I think most people actually mean consequence when they say the word. The difference between someone who practices TDT and someone who does CDT is more than a bunch of semantics. The paragraph describes CDT.
Beware of blaming semantics when you should update one of your core beliefs instead.
Who here actually knows exactly what TDT is? (I am not sure I do—it was never written down fully—and I thought about these issues a lot). Are you just assuming people got TDT right? TDT might be “conceptual vaporware”. I read an old paper on it, but I didn’t like the paper (nor did that paper have a full description).
I think the wiki does contain a written down definition:
I think what Sophronius describes in the paragraph would is what’s “intuitively labeled as rational”.
I think that’s sort of the problem with the post. It’s a list of 10 things that intuitively feel like they are the things rational people should do.
It’s not a list that tries to describe what reasoned principles about rationalism Lesswrong did come up with. TDT is sort of the LW house decision theory. It’s about moving beyond the intuitive idea of rationalism that popular out there. LW rationality is on the other hand supposed to be about winning.
I think the example of reacting when fear comes up is a good example. A nurse should follow the algorithm that if she feels a given patient is in a critical condition the patient gets extra supervision.
The intuitive rational belief that the nurse should have good reasons that she can explain to other people about why a patient needs supervision. The intuitive rational belief is that there should be reasons besides the emotions of the nurse to give the patient extra supervision.
We do have studies that validate the abstract heuristic that the nurse should let her feeling overrule her intellectual analysis of the situation.
If you read the original paper from two decades ago that introduces the concept of evidence-based medicine you find that it’s about getting medical professionals to read more scientific papers and deemphasized intuitive decision making.
We learned something in those two decades. We decided that rationality should be about winning. We don’t know everything but we can at least make an effort to be less wrong. We know that specific choices are well made with intuition than it would be stupid to not go the winning way and instead try to analyse the situation intellectually. Of course the nurse should still learn medical science but she should also listen to her intuition.
We are in the 21st century and not anymore in the 20st. End 20st century ideology is outdated and it’s useful to update. To get less wrong.
Is TDT the best way to think about making decisions? It’s still in it’s infancy and there still room to refine it. Let’s run CFAR workshop to see what heuristics are actually practical when you teach them to humans.
There are a bunch of folk rationality beliefs.

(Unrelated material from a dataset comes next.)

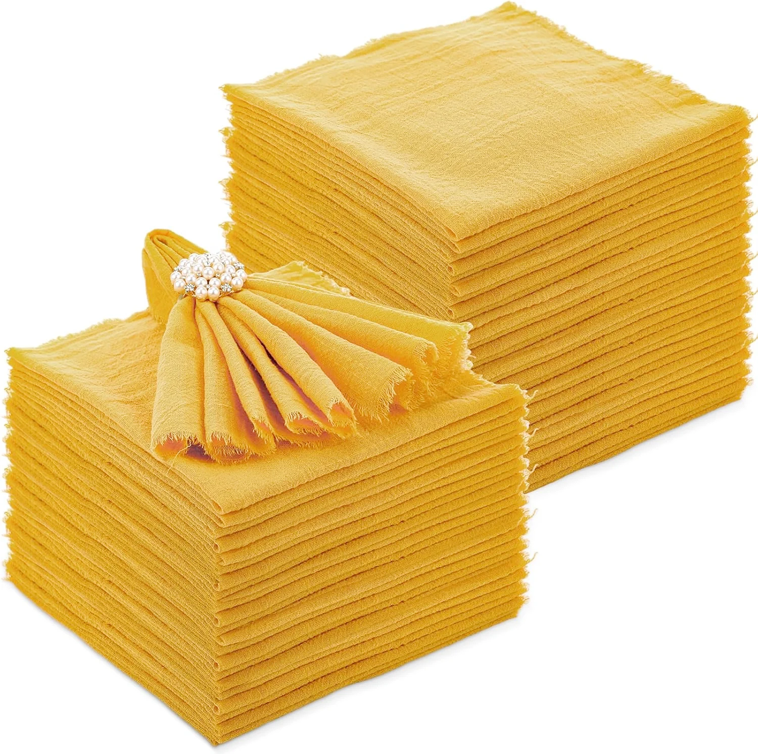 48PC Pink Cloth Napkins 30X30CM Handmade Gauze with Fringe Rustic Dinner Napkins for Wedding Party B...

I am sorry, but that is not specified at all. If I give you a specific problem (I have a list of them right here!), will you be able to tell me what “the TDT answer” should be? The way people seem to use TDT is as a kind of “brand name” for a nebulous cloud of decision theoretic ideas. Until there is a paper and a definition, TDT is not a defensible point. It has to be formally written down in order to have a chance to be wrong (being wrong is how we make progress after all).
If it’s a set of related decision theories, fine—tell me what the set is! Example: “naive EDT” is “choose an action that maximizes utility with respect to the distribution p(outcome | action took place).” This is very clear, I know exactly what this is.